**Exercise**.
Below are some records; quote exactly the lines from the one that contains "ショコラ [16個入] ¥3,940+税" through the one that contains "Wohnzimmer, Blick zur Tür", inclusive, and no others.

**Extracted data**.
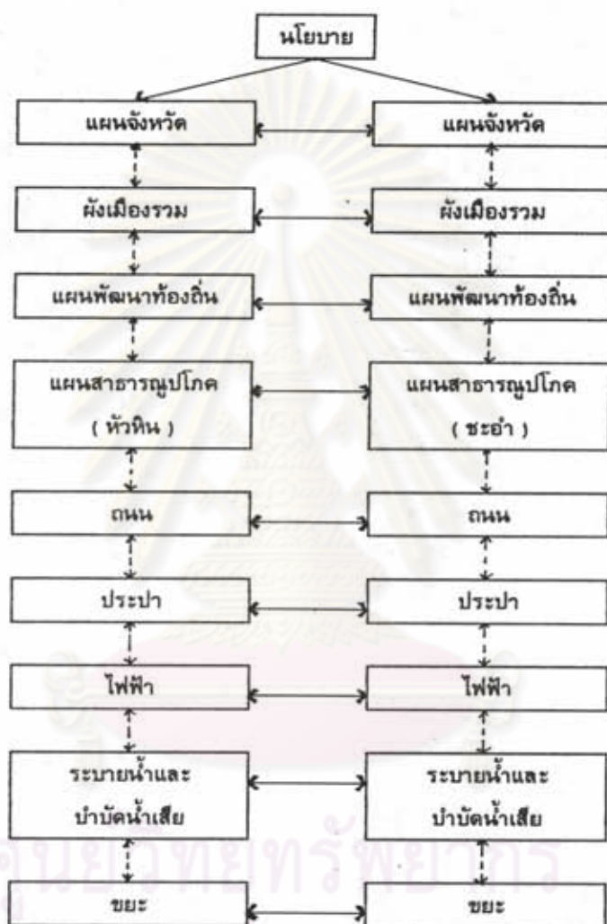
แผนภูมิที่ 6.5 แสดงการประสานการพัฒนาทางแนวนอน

---

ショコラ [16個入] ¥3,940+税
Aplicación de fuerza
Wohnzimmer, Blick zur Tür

**Result of this task**.
ショコラ [16個入] ¥3,940+税
Aplicación de fuerza
Wohnzimmer, Blick zur Tür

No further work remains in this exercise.